▸ PROBLEM DESCRIPTION: With the images removed, return every line below exactly as it reads.

▸ DATA:
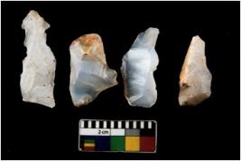 | Description / विवरण | There are n 4 ; worked utilized flakes; there are multidirectional irregular scar pattern on both dorsal and ventral face of the flakes. All are having sharp edges. |
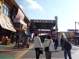 ![]() | 約15分程で見学を終え、来た道より山側に入った土産物店街を通って港に引き返しました。これでもか、ともみじ饅頭の実演販売をしていたため、焼き立てのこしあん1つ75円を買って食べました。 | |
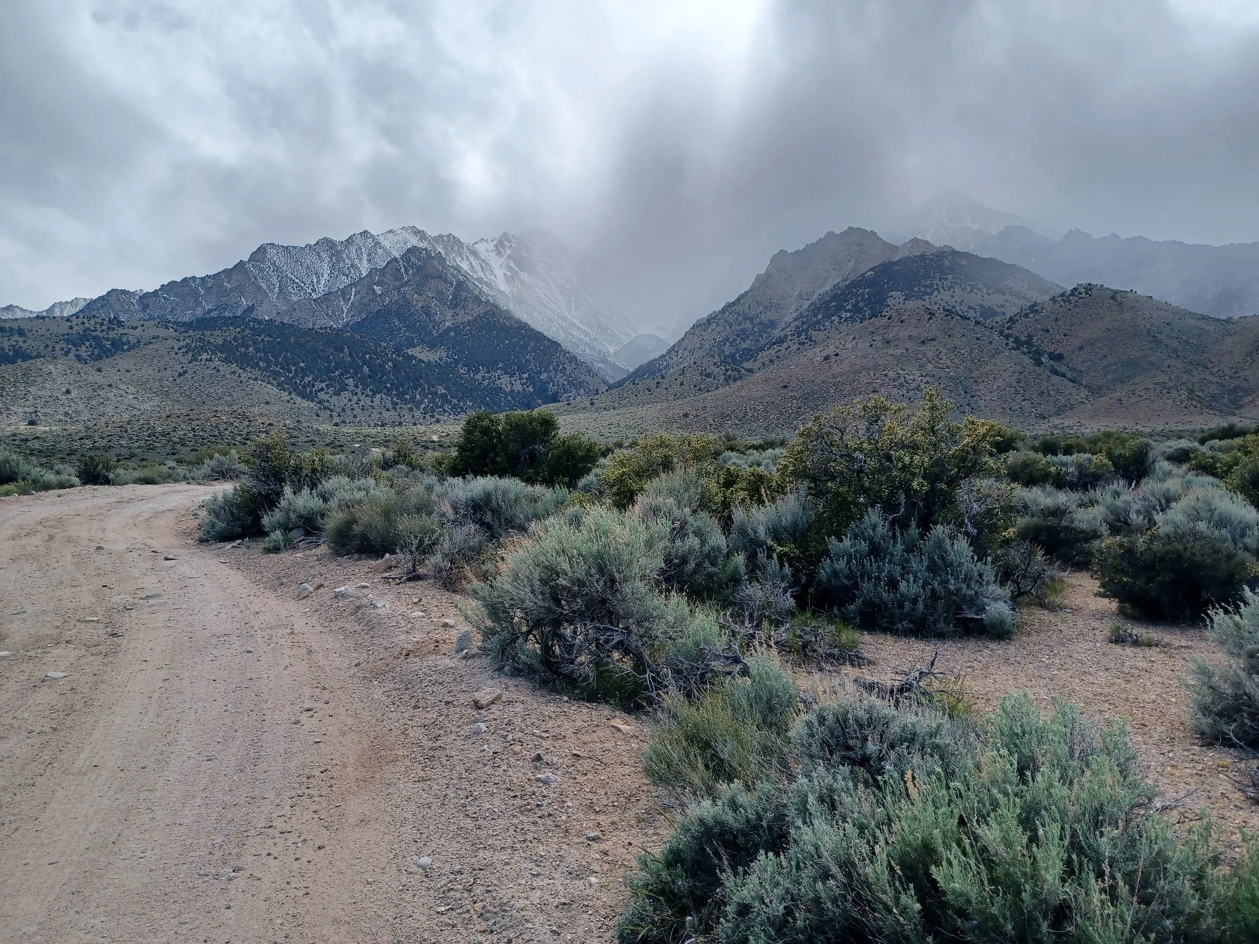 Snow falling on Onion Valley- maybe I should go for a ride?

▸ EXPECTED ANSWER:
 | Description / विवरण | There are n 4 ; worked utilized flakes; there are multidirectional irregular scar pattern on both dorsal and ventral face of the flakes. All are having sharp edges. |
 ![]() | 約15分程で見学を終え、来た道より山側に入った土産物店街を通って港に引き返しました。これでもか、ともみじ饅頭の実演販売をしていたため、焼き立てのこしあん1つ75円を買って食べました。 | |
 Snow falling on Onion Valley- maybe I should go for a ride?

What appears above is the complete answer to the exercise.